:: Task objective ::
In this exercise, print only the lines of the records below from the one with "Cut with a draped" through the one with "- Roman Catholic Church: 17213", inclusive. Pictures are not part of the copy.

:: Data listing ::
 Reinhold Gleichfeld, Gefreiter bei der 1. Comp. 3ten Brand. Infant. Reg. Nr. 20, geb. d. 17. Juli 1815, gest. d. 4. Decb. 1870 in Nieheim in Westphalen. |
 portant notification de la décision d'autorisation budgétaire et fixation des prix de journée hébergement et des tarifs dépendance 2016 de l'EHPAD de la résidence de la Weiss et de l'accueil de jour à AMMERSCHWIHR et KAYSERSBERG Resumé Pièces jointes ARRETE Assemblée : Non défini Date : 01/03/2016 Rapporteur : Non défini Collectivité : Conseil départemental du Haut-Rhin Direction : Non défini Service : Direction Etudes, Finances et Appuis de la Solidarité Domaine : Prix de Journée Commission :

...

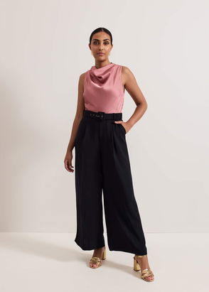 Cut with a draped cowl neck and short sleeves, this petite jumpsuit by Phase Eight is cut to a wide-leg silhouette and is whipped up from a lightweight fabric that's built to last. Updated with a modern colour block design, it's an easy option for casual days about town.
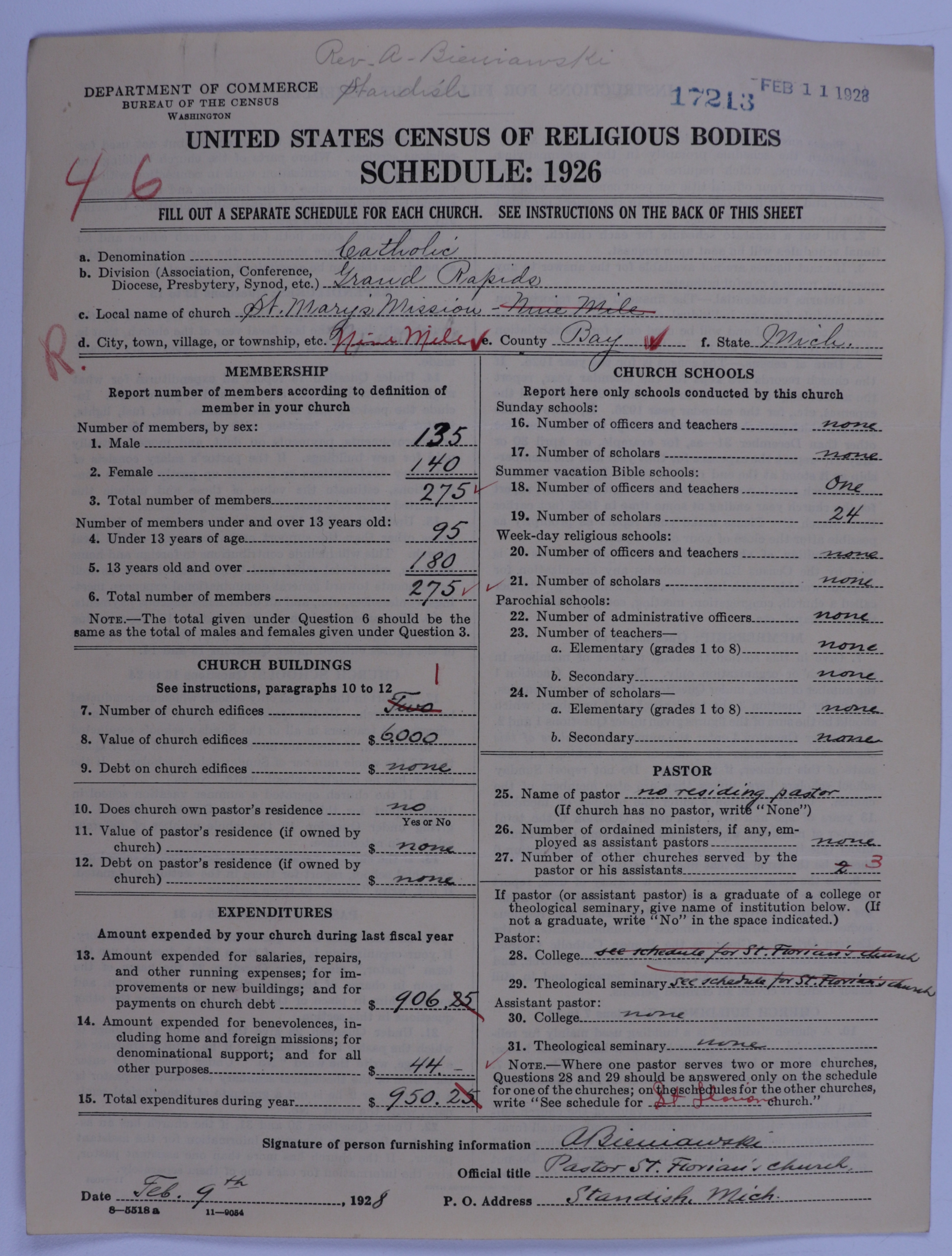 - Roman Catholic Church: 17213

...

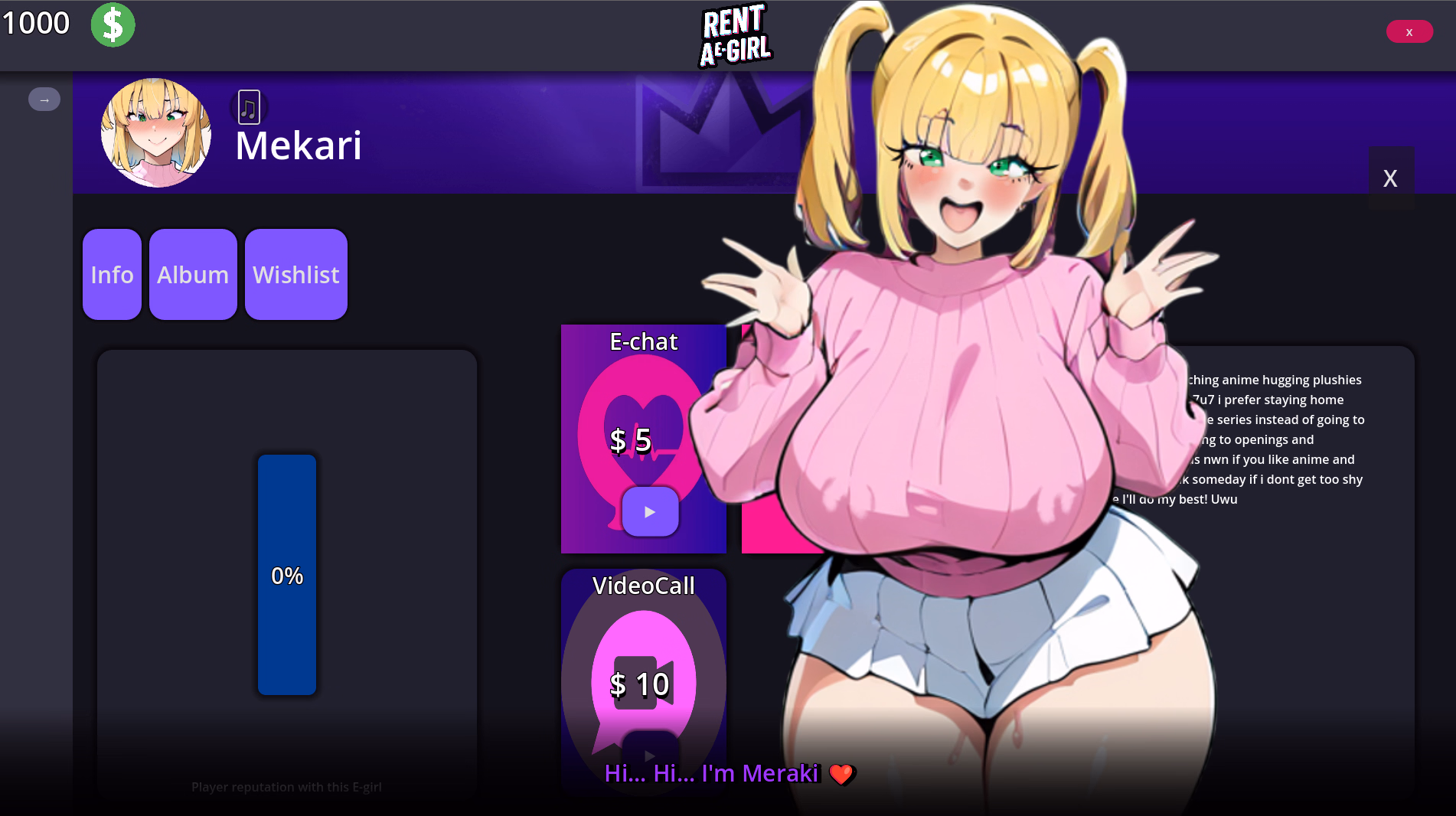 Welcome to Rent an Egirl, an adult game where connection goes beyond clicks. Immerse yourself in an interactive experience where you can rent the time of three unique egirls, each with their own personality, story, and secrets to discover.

:: Solved problem ::
 Cut with a draped cowl neck and short sleeves, this petite jumpsuit by Phase Eight is cut to a wide-leg silhouette and is whipped up from a lightweight fabric that's built to last. Updated with a modern colour block design, it's an easy option for casual days about town.
 - Roman Catholic Church: 17213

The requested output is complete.